## [Problem statement]
Exclude all pictures, then write out exactly the lines below from the first one through the line with "destilliertes Wasser natürliche".

## [Supplied material]
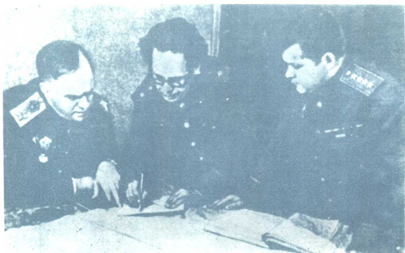
最高统帅部代表Г.К.朱可夫(左)、乌克兰第1方面军参谋长А.Н.博戈柳博夫(中)和方面军司令员Н.Ф.瓦杜丁(右)正在研究战役计划(1943年12月)
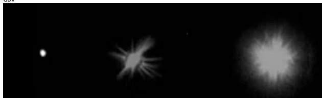
destilliertes Wasser natürliche Wasserstruktur Wasserstruktur Agua Estructurada

Strukturiertes Wasser ist in einem dynamischen Zustand und bindet die Wasser Moleküle zum Informations Austausch. Diese Art von Wasser hat erhebliche Vorteile fuer Menschen, Tiere und Pflanzen und ist im natürlichen Gleichgewicht mit der Natur. Bei regelmaessiger Einnahme von strukturiertem Wasser werden Sie im Laufe der zeit Ihre Gesundheit wesentlich verbessern. Das Wasseraufbereitung System Agua Estructurada ist eine hervorragende Technologie um das Trinkwassser zu vitalisieren. Selbst gutes frisches Quellwasser kann mit dieser Technologie verbessert werden da das Wasser mit Sauerstoff angereichert wird und eine dementsprechend bessere Bioverfuegbarkeit erhält. Durch die Verwendung von Agua Estructurada koennen Sie aktiv dazu beitragen, dass wir eine saubere Umwelt haben.
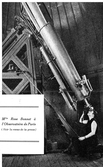
M lle Rose Bonnet à l'Observatoire de Paris (Voir la revue de la presse)
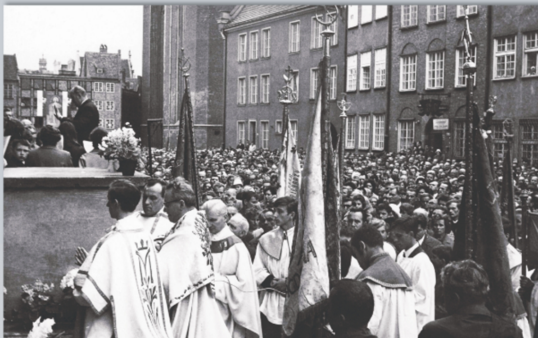
Procesja Bożego Ciała na ulicach Gdańska, lata 60. XX w. (bazylika Mariacka w Gdańsku)
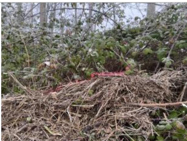
Vue du repère - auteur : AGERIN
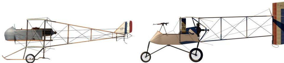
Avioane de recunoaștere și bombardament ușor Maurice Farman MF-7 și Voisin-8

Din Anglia nu s-a obținut mai nimic până la semnarea acordului de la St. Petersburg, în plus calibrele erau incompatibile.
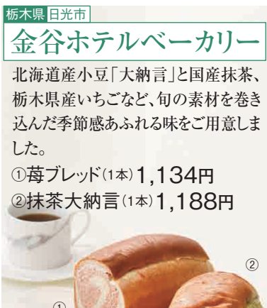
北海道産小豆「大納言」と国産抹茶、栃木県産いちごなど、旬の素材を巻き込んだ季節感あふれる味をご用意しました。
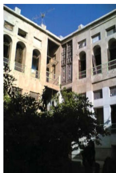
شکل ۱۵. بازشوها در جداره داخلی. بافت قدیم بوشهر. محله کوتی. خانه دهدشتی

قرار می دهد» می باشد. در خانه های بافت قدیم بوشهر تمامی فضاهای داخلی کم عرض و یک لایه بوده و دارای پنجره های رو به روی هم می باشند. بنابراین تهویه در فضاهای بسته داخلی به خوبی امکان پذیر بوده و شرایط مناسبی در داخل برقرار است. وجود تارمه ها و ایوان های وسیع در به داخل کشاندن باد مطلوب و ایجاد تهویه داخلی سهم مؤثری دارند. وجود حیاط ها امکان نورگیری را به فضاهای درونی میسر می سازد. در نهایت کرکره های چوبی نقش به سزایی در جلوگیری از تابش شدید آفتاب و پالایش آن را دارند (شکل ۱۷ و ۱۸).
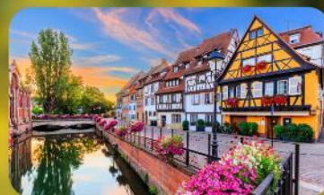
ดินแดนแห่งเทพนิยาย กอลมาร์
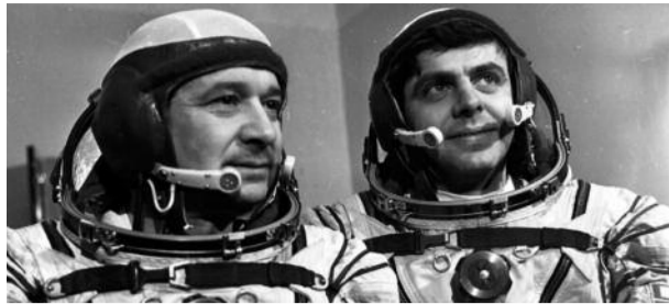
Леонид Кизим: 374 суток в космосе стр. 6-7
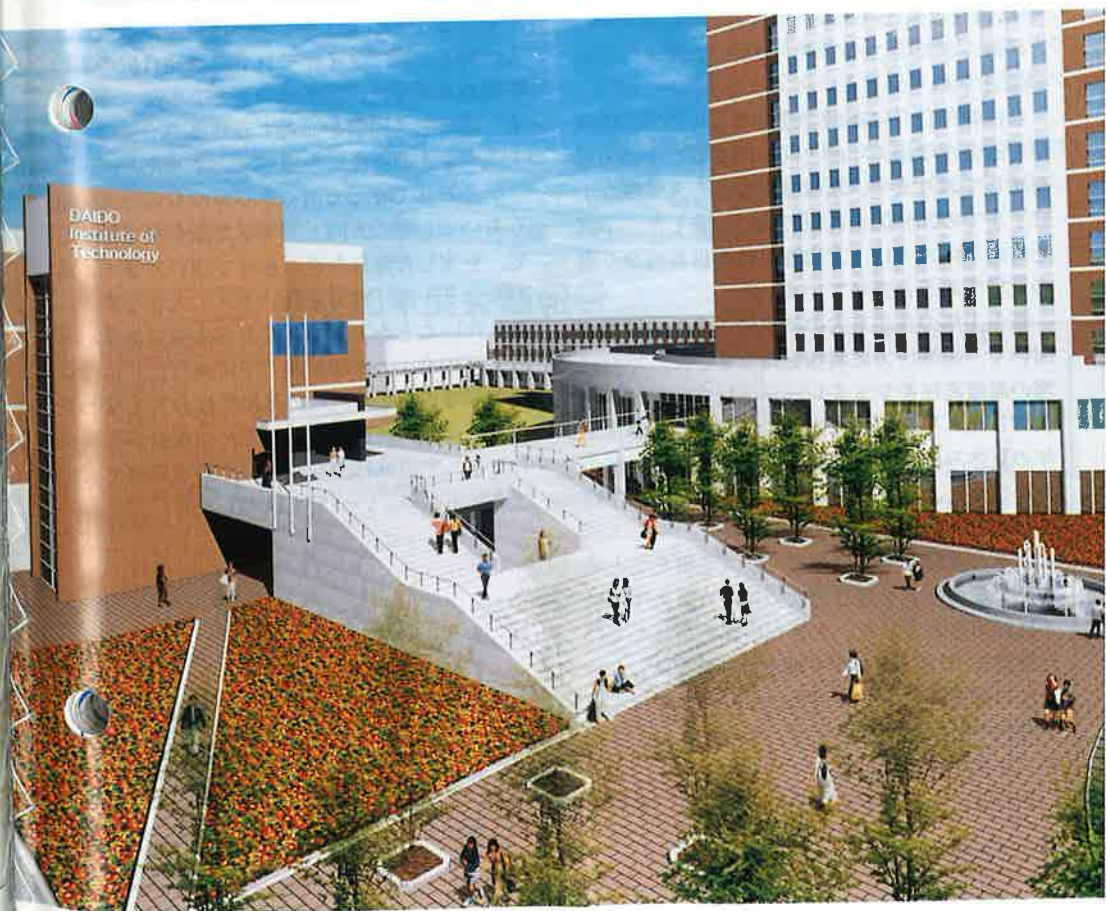
大同工業大学 新キャンパス イメージパース
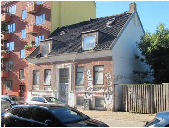
Theklavej 33 (A)
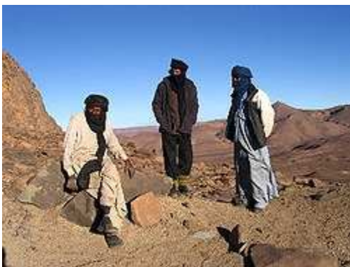
🏠 Tuaregs de Argelia .

Los tuareg o imuhagh son un pueblo bereber o amazic en el desierto del Sáhara , cuando se desplazan cubren las necesidades de los animales y las suyas propias en el camino, puesto que viven en unidades familiares extensas las cuales van siguiendo a los grandes rebaños a su cargo. Tienen su propia escritura , el tfinagh .
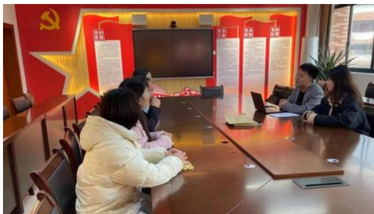
图 2-1 企开展学术 交 会
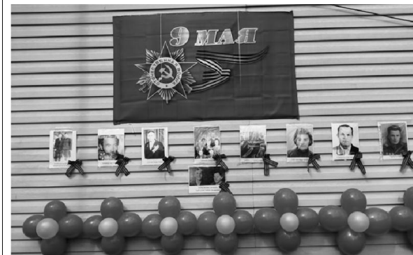
Здание коммунального предприятия ООО «Теплоресурс» трудовой коллектив оформил фотографиями своих родных, участников ВОВ и тружеников тыла
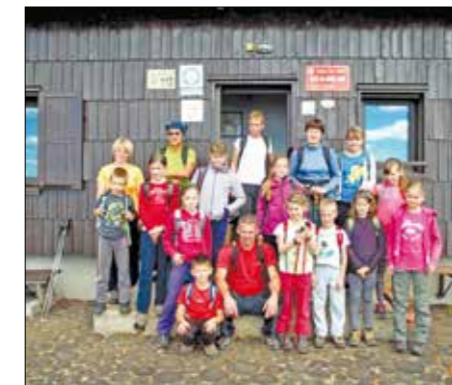
Na kriški gori pri koči

## [Completed task]
最高统帅部代表Г.К.朱可夫(左)、乌克兰第1方面军参谋长А.Н.博戈柳博夫(中)和方面军司令员Н.Ф.瓦杜丁(右)正在研究战役计划(1943年12月)
destilliertes Wasser natürliche Wasserstruktur Wasserstruktur Agua Estructurada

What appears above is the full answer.